Les effets attendus du projet d’étude de faisabilité du Centre intégré de traitement des déchets de Hamici sont d’ordre écologique mais aussi économique.

Dans une rencontre algéro-sud-coréenne, hier à l’hôtel Djazair, sur la présentation finale de ce projet, le chef de projet sud-coréen a indiqué que cette étude permettra au pays de devenir pionnier de l’écologie en Afrique. «L’acquisition du savoir-faire sur le traitement avancé améliorera la technologie de gestion des déchets en Algérie.
Elle pourra, grâce à ce programme, transformer son système, qui dépend de l’enfouissement, en un système de valorisation et de gestion des déchets», a-t-il assuré. Ce plan, qui prévoit l’installation du tri mécanique, permettra aussi la valorisation et la vente des déchets récupérés via ce système. Actuellement, a-t-il souligné, 99% des déchets sont enfouis et très peu valorisés en dehors du plastique. «Le taux de récupération et de valorisation des déchets est très faible, ne dépassant pas les 0,31%. Il est essentiel de changer le mode de traitement des déchets», a-t-il estimé. Il a appelé, également, à la prise en charge d’urgence des déchets stockés en plein air, au développement d’une filière d’incinération pour réduire l’enfouissement et à apporter une valeur ajoutée sur le plan économique par la valorisation.

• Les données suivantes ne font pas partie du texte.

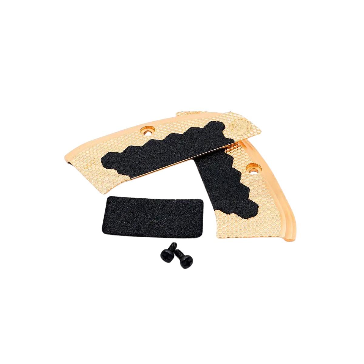 Wykonane z mosiądzu, który zwiększa wagę pistoletu i poprawia wyważenie broni podczas strzelania.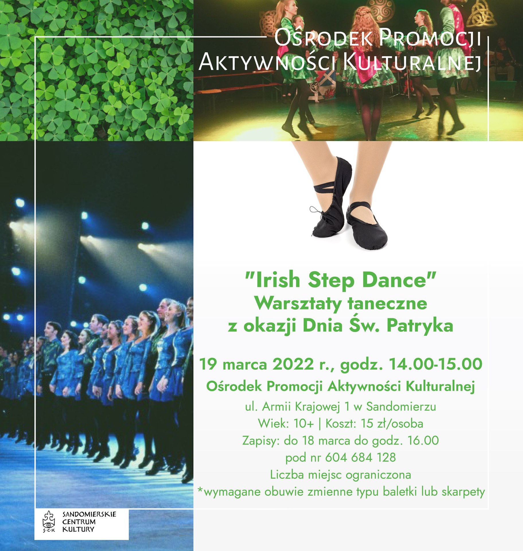 Irish Step Dance to jeden ze stylów tradycyjnego ludowego tańca irlandzkiego. Słynne na całym świecie muzyczne widowiska taneczne, jak „Lord of the Dance” Michaela Flatleya czy „Riverdance” pielęgnują te tradycje. Chcąc przybliżyć Państwu specyfikę tego tańca serdecznie zapraszamy na warsztaty pn. „Irish Step Dance” zorganizowane w ramach obchodów Dnia Św. Patryka!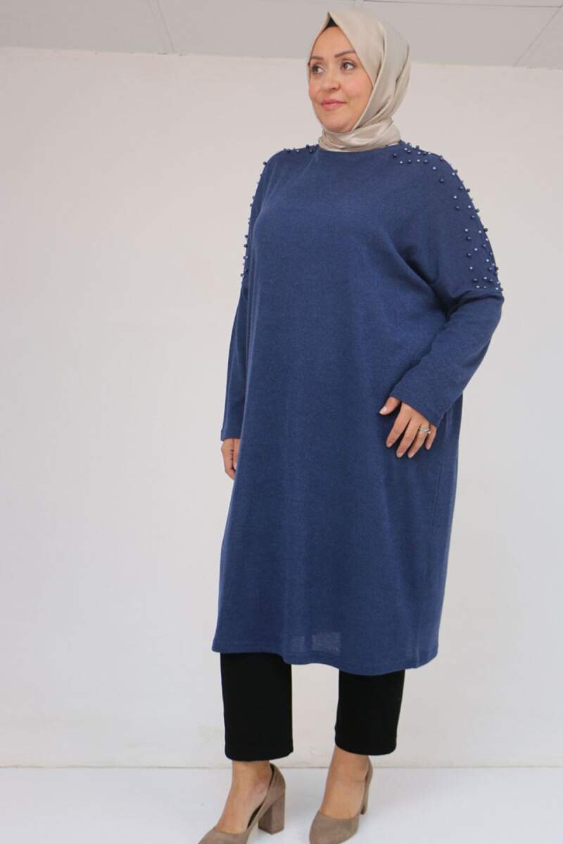 58152 Büyük Beden Düşükkol Omzu Taş Detaylı Mir Tunik - İndigo
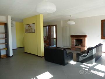 Villa immersa nel verde, composta da autorimessa con tre posti auto e dispositivo per ricarica auto elettriche. Tavernetta e lavanderia. Al piano terra :salone con camino e vista sulla valle ,camera da letto, cucina abitabile da cui si accede al barbecue esterno coperto con tettoia. Con la scala interna si accede al piano mansardato composto da tre ambienti finestrati. Spese di gestione contenute grazie all'impianto fotovoltaico, impianto termico di recentissima installazione di tipo ibrido con pompa di calore. Giardino esterno con vista sulla valle che circonda la casa su tre lati. Semiarredato ,volendo con cucina .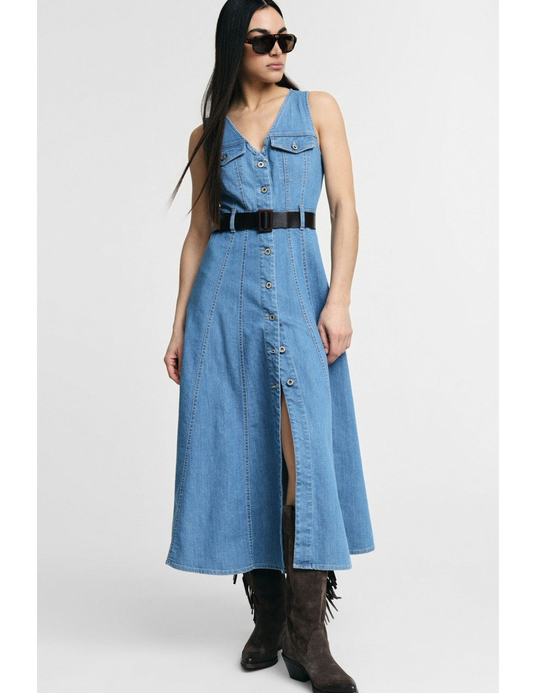 Vestido midi evasê com bolsos frontais e cinto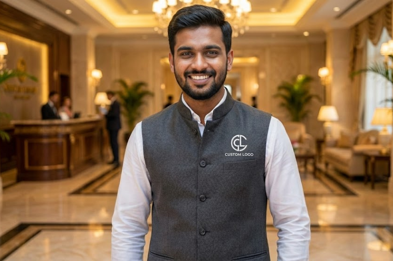 Custom logo waistcoats designed to reflect brand identity, offering consistent styling, comfort, and high-quality finishing for event service staff.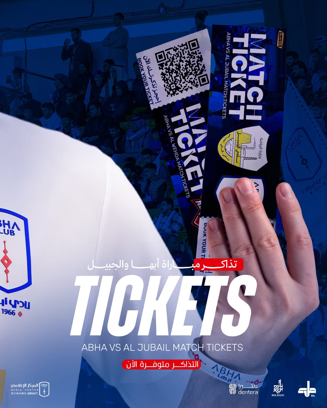 تذاكر مباراة أبها والجبيل على ملعب المحالة، مُتاحة الآن للحجز عبر الموقع الإلكتروني ⤵️ 🔗 ticket.abhafc.club/games/38/reser…
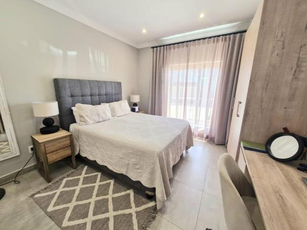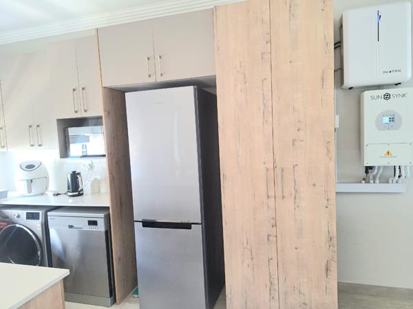 Light and modern apartment with an open plan living area and kitchen, 2 bedrooms and 2 bathrooms. Upmarket and up-to-date finishes and fixtures include a Smeg stove with gas hob in the open plan kitchen and a S/S braai in the living area, as well as a gas geyser and 4 sun panels plus a 3kva inverter.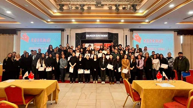 İstiklâl Marşı'mızın kabulünün 105. yıl dönümü ve Millî Şairimiz Mehmet Âkif Ersoy'u Anma Günü etkinlikleri kapsamında, Millî Eğitim Bakanlığı himayelerinde düzenlenen "Korkma! Gençliğin Ruhu Burada" temalı liseler arası bilgi yarışmasının Balıkesir il finali, büyük bir coşku ve heyecana sahne oldu. Balıkesir İl Milli Eğitim Müdürlüğü’nden yapılan açıklamada, “Yarışmanın final programına İl Millî Eğitim Müdür Yardımcılarımız Mustafa Uras ve Ahmet Cengiz katılarak öğrencilerimizin heyecanına ortak oldu. Balıkesir Öğretmenevi'nde gerçekleştirilen il finaline, ilçelerinde birinci olarak yarışmaya katılmaya hak kazanan liselerimiz iştirak etti. Gençlerimiz, Millî Mücadele ruhunu ve Âkif'in mirasını bilgiyle harmanlayarak kürsüye taşıdı. Sergiledikleri özgüven, donanım ve tarih bilinci, salonda gurur dolu anlar yaşattı. Yarışma sorunsuz bir şekilde tamamlanırken, ilk 20 soru sonunda en yüksek puanı alan Karesi İstanbulluoğlu Sosyal Bilimler Lisesi il birincisi oldu. Edremit Anadolu Lisesi ikinci, Gönen Anadolu Lisesi ise üçüncü olarak yarışmayı tamamladı. Millî ve manevi değerlerimizi genç nesillere aktarmayı amaçlayan bu anlamlı organizasyonda emeği geçen tüm öğretmenlerimize ve katılım sağlayan okullarımıza teşekkür ediyor; il birincisi olarak bölge finaline katılacak olan Karesi İstanbulluoğlu Sosyal Bilimler Lisesi'ne başarılar diliyoruz.” Denildi. Haber: Hasan AKAR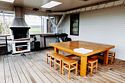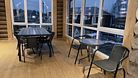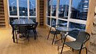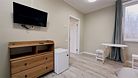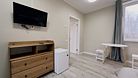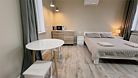 - Полностью оборудованная кухня: холодильник, микроволновка, электрочайник, комплект посуды и приборов, обеденный стол и табуретки.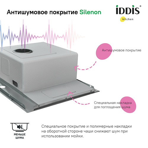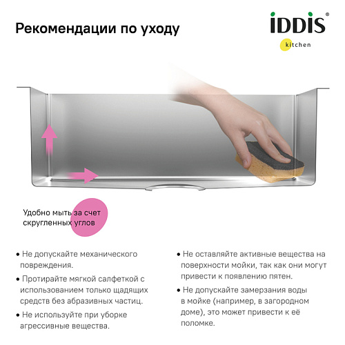 Мойки Haze отличаются современным дизайном и особой ручной технологией производства, что позволяет добиться идеальной геометрии – малый радиус закругления углов увеличивает рабочее пространство и помогает избежать «мертвых зон». Выполнение повседневных задач становится еще проще: в мойке удобно разместить большое количество посуды и мыть крупные предметы, такие как противень. Плоский сифон занимает меньше места, освобождая полезное пространство для хозяйственных мелочей. Подходит для кухонных тумб от 45 см. • Мойки IDDIS® изготовлены из качественной нержавеющей стали, которая не боится ни бытовой химии, ни царапин. Ручная обработка моек Haze позволяет сохранить изначальную толщину листа стали (1 мм) на всех элементах мойки, что обеспечивают ее надежность, ударопрочность и износостойкость. • Специальное покрытие Silenon и резиновые накладки на оборотной стороне чаши снижают шум при использовании мойки. • Гарантия на мойки IDDIS® – 15 лет. Ручное производство сохраняет толщину стального листа. Уменьшенный радиус закругления углов позволяет увеличить объём чаши и рабочую площадь дна. Антишумовое покрытие Silenon снижает уровень шума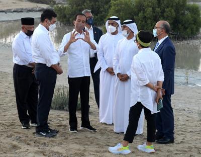 IDXChannel - Setelah bertemu dengan Putra Mahkota Abu Dhabi, Sheikh Mohammed bin Zayed Al Nahyan (MBZ) di Istana Al-Shatie, Presiden Joko Widodo meninjau Jubail Mangrove Park yang terletak di Pulau Al Jubail, Abu Dhabi, Persatuan Emirat Arab (PEA), pada Rabu sore, 3 November 2021.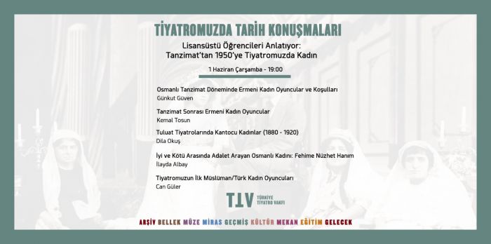 Seçtiği sıradışı konularla, çok yönlü tartışmalara olanak sağlayan vakıf, son olarak “Tiyatromuzda Tarih Konuşmaları” kapsamında “Lisansüstü Öğrencileri Anlatıyor: Tanzimat’tan 1950'ye Tiyatromuzda Kadın” ve “Akademik Bir Disiplin Olarak “Tiyatro Tarihi ve Tarih Yazıcılığı”: Tanımlar, Tartışmalar, Yeni yaklaşımlar” konularını ele alacak. Etkinlikler, 1 Haziran ve 15 Haziran tarihlerinde Çarşamba günü, saat 19.00’da gerçekleşecek. Prof. Dr. Kerem Karaboğa öncülüğünde İstanbul Üniversitesi Edebiyat Fakültesi Tiyatro Eleştirmenliği ve Dramaturji Bölümü yüksek lisans ve doktora öğrencileri tarafından gerçekleştirilecek ilk oturumda, Türkiye tiyatrosunda kadının yeri ve tiyatro sanatına katkısı çeşitli açılardan irdelenecek. İkinci oturum, akademisyen Nilgün Firidinoğlu’nun araştırmalarından yola çıkarak tiyatronun “suya yazılan yazıdan” tarihe kalan yazıya dönüşmesi için gereken bilimsel yöntemleri tartışmaya açacak.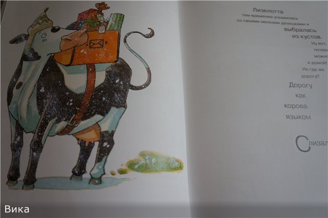 Лизелотта- почтовая корова. Вместе с почтальоном они развозили подарки. Закончив свою работу они распрощались. Лизелотты должна была передать подарки для обитателей хутора от почтольона. Перед дорожкой она решила "забежать в лесок на дорожку " :))) и конечно же заблудилась. После небольшого приключения Лизелотта все же нашла дорогу на хутор и воссоединилась со своими друзьями.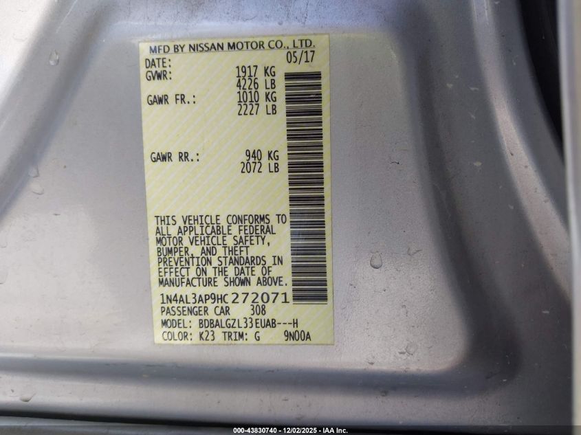 2017 NISSAN ALTIMA 2017 року Бензин, 2.5, Передний привод, vin - 1N4AL3AP9HC272071 из США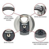Cadeado c/ chave inox Excell redondo M50EURDCC – Master Lock, N.º de chaves: 4, Argola Ø: 12 mm

«La chaleur générée lors de l’incinération des déchets pourrait être récupérée pour produire de l’électricité, apportant ainsi des bénéfices avec la mise en vente de cette énergie», a-t-il souligné. Ce projet, qui nécessite un financement public et privé, pourrait traiter les déchets de 40 communes d’Alger, qui dégagent 1 800 tonnes/jour, ainsi que ceux de 17 communes prises en charge par le CET de Corso. Le chef de projet a indiqué que ce dernier sera bientôt saturé. Ce qui nécessite, par conséquent, l’aménagement d’un nouveau CET, sinon l’extension de celui de Hamici. Le but du projet d’étude est d’élaborer un plan modèle des installations de traitement des déchets en Algérie. Et ce, à partir de l’étude et l’identification des problèmes des installations du CET de Hamici, de prévisions démographiques et sur les volumes des déchets, qui sont en hausse. Il s’agira, par ailleurs, de déterminer la capacité optimale de ce CET. Le vice-ministre coréen de l’Environnement, M. Ahn Byung Ok, a estimé que cette étude jouera un rôle important dans la stratégie et le plan d’orientation futurs de l’Algérie dans le secteur. «Il contribuera à arriver à zéro déchet en Algérie», a-t-il assuré.
C’est ce que la ministre de l’Environnement et des Energies renouvelables, Mme Fatma Zohra Zerouati, a également affirmé. Rappelant que cette étude s’inscrit dans le cadre d’un mémorandum d’entente entre l’Algérie et la Corée du Sud dans le domaine de l’environnement et du développement durable, elle a signalé que le financement public-privé est nécessaire pour la réalisation de ce projet, dont la date de démarrage des travaux n’est pas encore déterminée, ainsi que le partenaire étranger qui sera chargé de la mise en œuvre technique. «Il s’agit de gros investissements où le secteur privé doit s’impliquer», a-t-elle conclu.